● **Information**
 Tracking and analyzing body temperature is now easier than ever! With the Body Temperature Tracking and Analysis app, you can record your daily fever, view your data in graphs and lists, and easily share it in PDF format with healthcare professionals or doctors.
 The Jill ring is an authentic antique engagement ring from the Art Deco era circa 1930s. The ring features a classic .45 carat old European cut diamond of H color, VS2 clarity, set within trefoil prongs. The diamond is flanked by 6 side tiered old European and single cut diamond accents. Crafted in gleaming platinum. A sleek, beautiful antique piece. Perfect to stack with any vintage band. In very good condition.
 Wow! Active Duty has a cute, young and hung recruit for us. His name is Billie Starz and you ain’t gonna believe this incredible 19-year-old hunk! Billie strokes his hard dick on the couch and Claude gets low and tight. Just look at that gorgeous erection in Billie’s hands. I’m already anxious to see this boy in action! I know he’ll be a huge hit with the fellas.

==

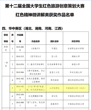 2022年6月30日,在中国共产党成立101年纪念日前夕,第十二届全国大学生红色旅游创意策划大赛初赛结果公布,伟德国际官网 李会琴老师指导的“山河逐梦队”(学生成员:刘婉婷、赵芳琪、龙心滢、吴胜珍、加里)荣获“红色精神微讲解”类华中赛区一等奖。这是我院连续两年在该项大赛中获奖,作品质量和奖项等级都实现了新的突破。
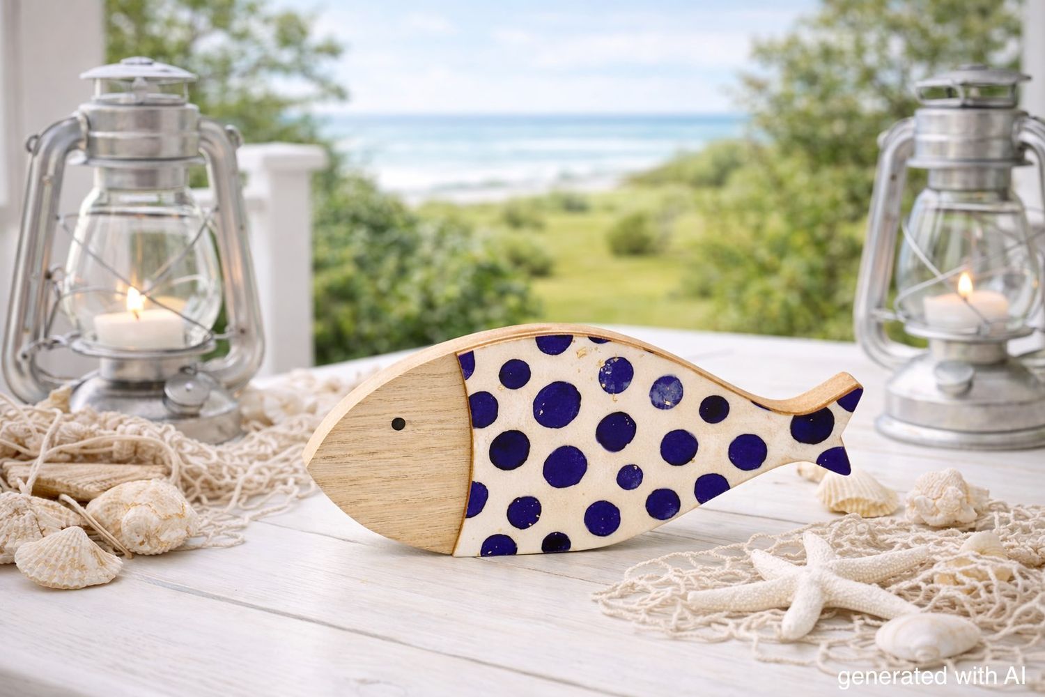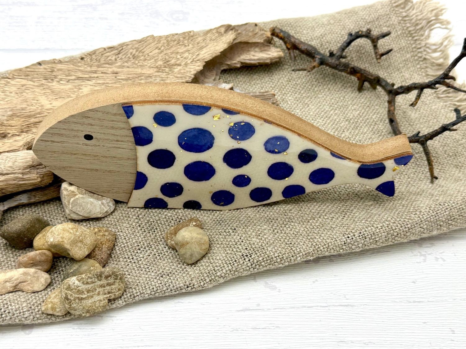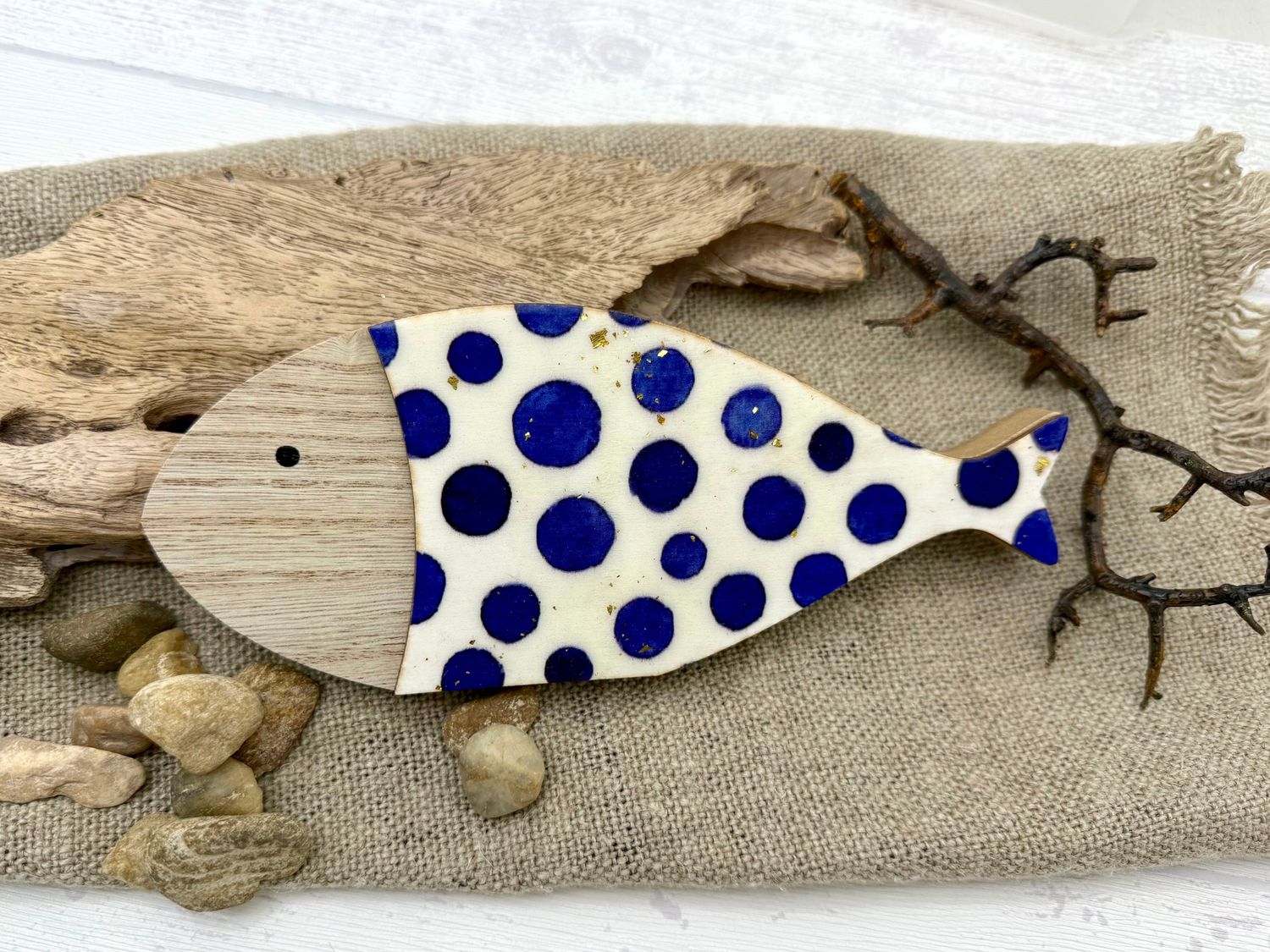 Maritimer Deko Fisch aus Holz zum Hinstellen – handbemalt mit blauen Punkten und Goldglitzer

● **Prompt**
In the listing above, find the line with "2022年6月30日,在中国" and the line with "Maritimer Deko Fisch". Set down both and every line between them, minus the pictures.

● **Exercise solution**
 2022年6月30日,在中国共产党成立101年纪念日前夕,第十二届全国大学生红色旅游创意策划大赛初赛结果公布,伟德国际官网 李会琴老师指导的“山河逐梦队”(学生成员:刘婉婷、赵芳琪、龙心滢、吴胜珍、加里)荣获“红色精神微讲解”类华中赛区一等奖。这是我院连续两年在该项大赛中获奖,作品质量和奖项等级都实现了新的突破。
 Maritimer Deko Fisch aus Holz zum Hinstellen – handbemalt mit blauen Punkten und Goldglitzer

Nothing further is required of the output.